> ABOUT THIS TASK
Set down, word for word, every line of the material below from the one containing "The Best Western" through the one containing "L’eau savonneuse permet", but none of its pictures.

> SOURCE DATA
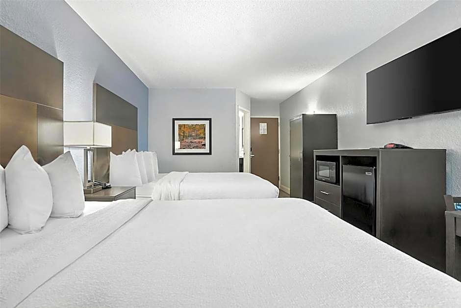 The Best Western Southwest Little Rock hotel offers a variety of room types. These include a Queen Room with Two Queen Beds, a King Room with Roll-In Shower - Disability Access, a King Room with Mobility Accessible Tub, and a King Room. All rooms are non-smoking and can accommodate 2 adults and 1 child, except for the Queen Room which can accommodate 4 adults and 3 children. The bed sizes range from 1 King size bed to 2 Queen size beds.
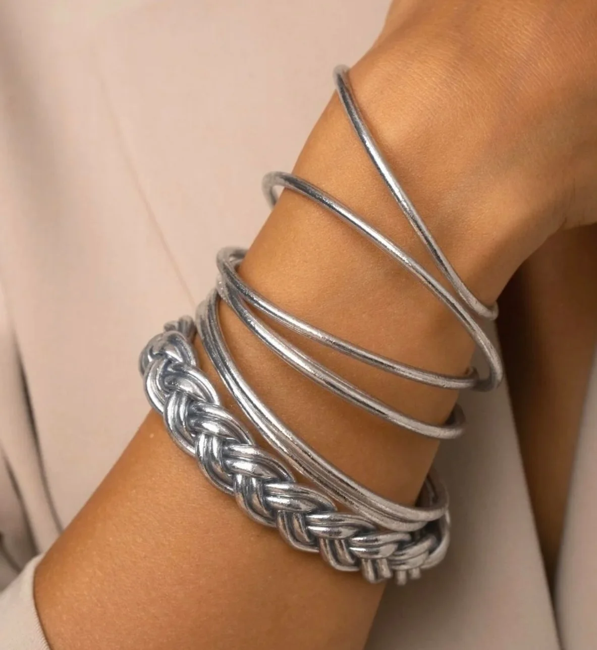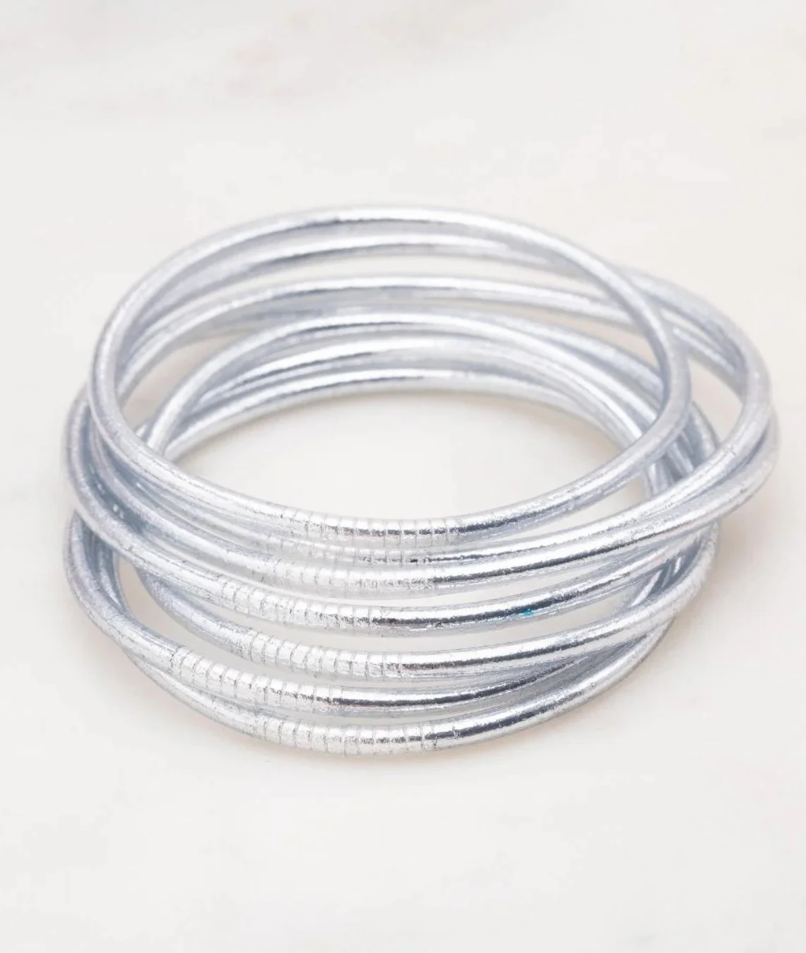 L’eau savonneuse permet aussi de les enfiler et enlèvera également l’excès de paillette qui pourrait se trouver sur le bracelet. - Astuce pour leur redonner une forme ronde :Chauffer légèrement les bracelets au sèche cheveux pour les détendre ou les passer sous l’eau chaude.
---
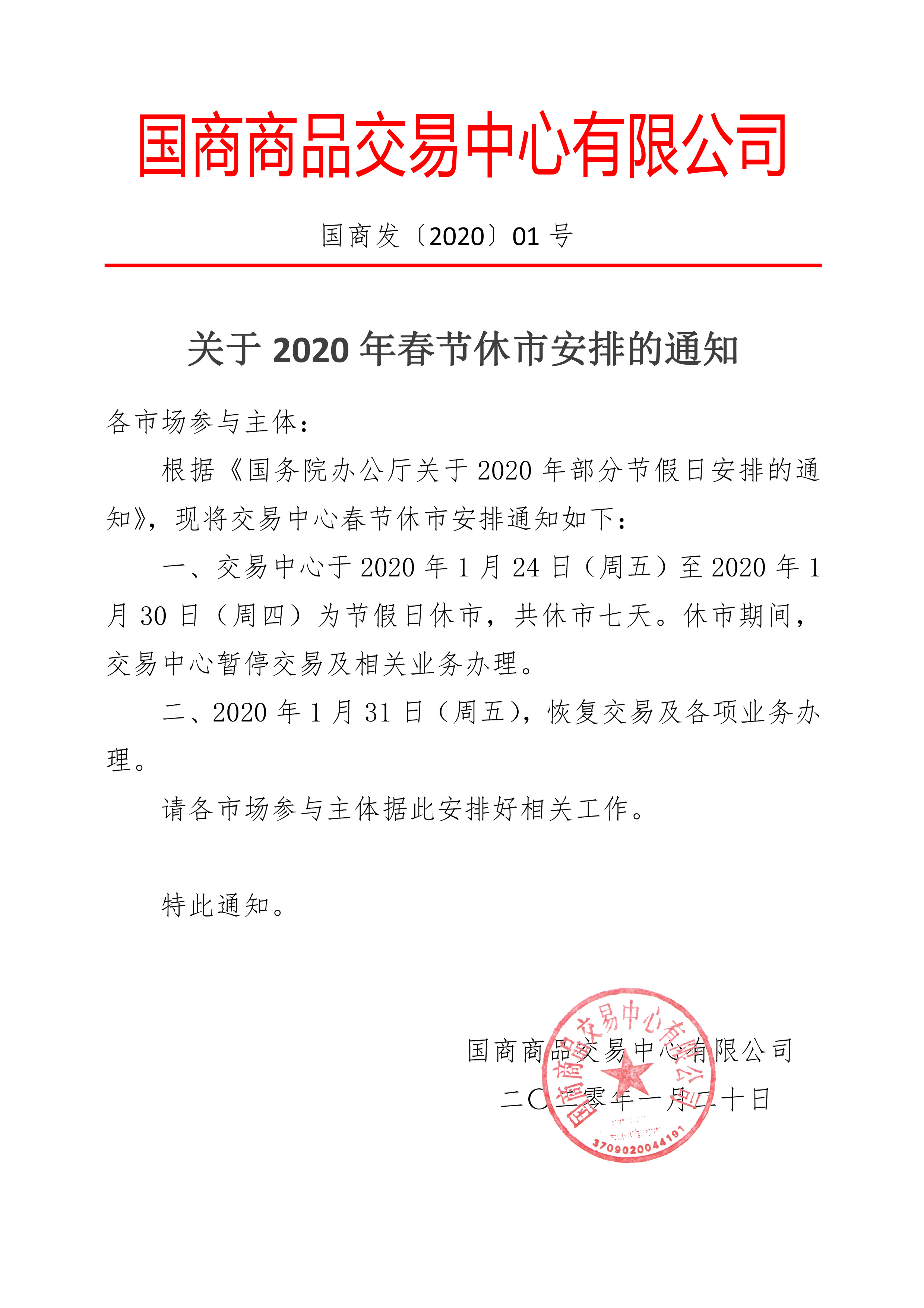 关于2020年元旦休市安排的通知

> SOLVED PROBLEM
 The Best Western Southwest Little Rock hotel offers a variety of room types. These include a Queen Room with Two Queen Beds, a King Room with Roll-In Shower - Disability Access, a King Room with Mobility Accessible Tub, and a King Room. All rooms are non-smoking and can accommodate 2 adults and 1 child, except for the Queen Room which can accommodate 4 adults and 3 children. The bed sizes range from 1 King size bed to 2 Queen size beds.
 L’eau savonneuse permet aussi de les enfiler et enlèvera également l’excès de paillette qui pourrait se trouver sur le bracelet. - Astuce pour leur redonner une forme ronde :Chauffer légèrement les bracelets au sèche cheveux pour les détendre ou les passer sous l’eau chaude.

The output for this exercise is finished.